Below are the records; copy exactly the stretch from the line containing "Neben äusserlich sichtbaren" through the line containing "Die Sieger im", both ends included, and nothing else.
───── Information given ─────
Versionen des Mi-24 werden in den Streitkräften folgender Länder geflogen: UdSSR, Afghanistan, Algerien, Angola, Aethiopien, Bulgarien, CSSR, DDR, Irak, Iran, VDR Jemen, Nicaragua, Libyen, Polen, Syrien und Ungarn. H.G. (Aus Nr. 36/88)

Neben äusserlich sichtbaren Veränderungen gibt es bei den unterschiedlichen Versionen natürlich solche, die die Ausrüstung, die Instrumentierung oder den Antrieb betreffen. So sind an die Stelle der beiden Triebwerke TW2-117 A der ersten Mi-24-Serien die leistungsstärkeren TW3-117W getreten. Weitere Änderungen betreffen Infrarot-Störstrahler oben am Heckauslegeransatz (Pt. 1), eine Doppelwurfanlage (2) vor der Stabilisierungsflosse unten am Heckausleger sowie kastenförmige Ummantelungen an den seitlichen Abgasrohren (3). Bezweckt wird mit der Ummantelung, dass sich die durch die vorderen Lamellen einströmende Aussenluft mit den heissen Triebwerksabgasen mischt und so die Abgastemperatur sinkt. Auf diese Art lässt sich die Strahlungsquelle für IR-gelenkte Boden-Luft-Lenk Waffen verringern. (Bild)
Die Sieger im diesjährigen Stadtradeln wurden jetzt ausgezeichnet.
─────
───── Information given ─────
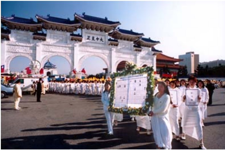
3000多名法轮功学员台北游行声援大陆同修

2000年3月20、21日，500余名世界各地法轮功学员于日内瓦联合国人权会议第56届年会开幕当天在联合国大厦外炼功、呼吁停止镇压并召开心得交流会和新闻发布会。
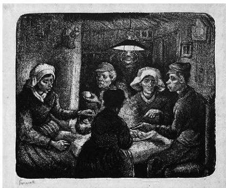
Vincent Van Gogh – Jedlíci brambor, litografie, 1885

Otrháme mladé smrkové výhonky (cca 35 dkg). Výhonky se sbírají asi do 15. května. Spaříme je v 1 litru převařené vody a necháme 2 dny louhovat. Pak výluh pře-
─────
───── Information given ─────
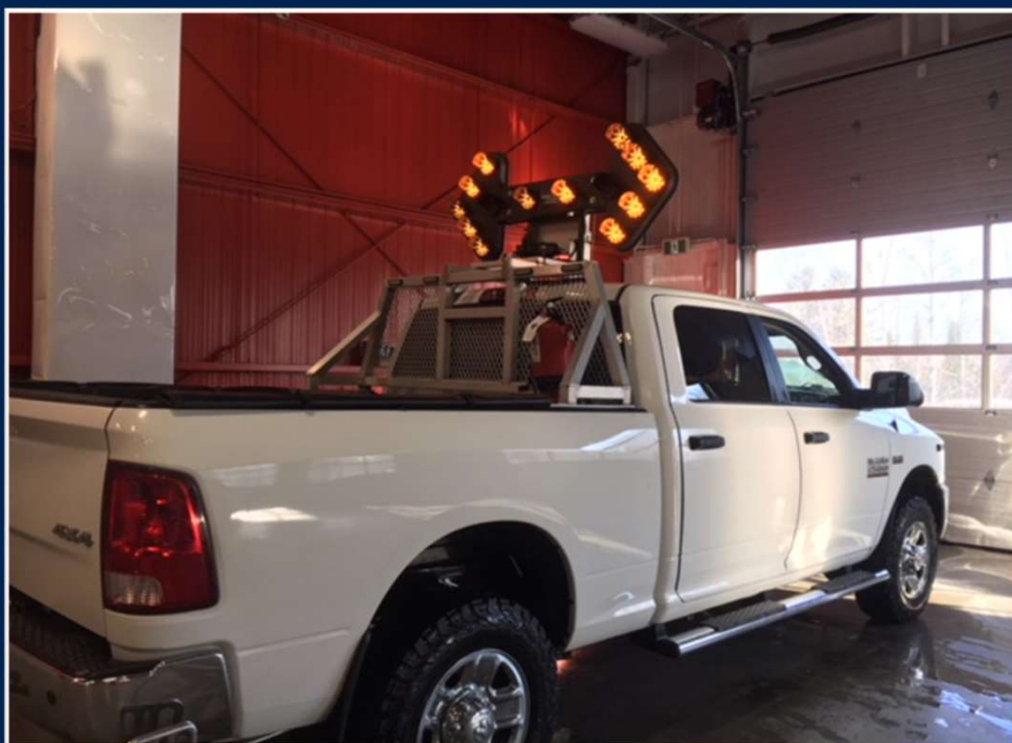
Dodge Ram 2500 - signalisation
─────
Result of this exercise:
Neben äusserlich sichtbaren Veränderungen gibt es bei den unterschiedlichen Versionen natürlich solche, die die Ausrüstung, die Instrumentierung oder den Antrieb betreffen. So sind an die Stelle der beiden Triebwerke TW2-117 A der ersten Mi-24-Serien die leistungsstärkeren TW3-117W getreten. Weitere Änderungen betreffen Infrarot-Störstrahler oben am Heckauslegeransatz (Pt. 1), eine Doppelwurfanlage (2) vor der Stabilisierungsflosse unten am Heckausleger sowie kastenförmige Ummantelungen an den seitlichen Abgasrohren (3). Bezweckt wird mit der Ummantelung, dass sich die durch die vorderen Lamellen einströmende Aussenluft mit den heissen Triebwerksabgasen mischt und so die Abgastemperatur sinkt. Auf diese Art lässt sich die Strahlungsquelle für IR-gelenkte Boden-Luft-Lenk Waffen verringern. (Bild)
Die Sieger im diesjährigen Stadtradeln wurden jetzt ausgezeichnet.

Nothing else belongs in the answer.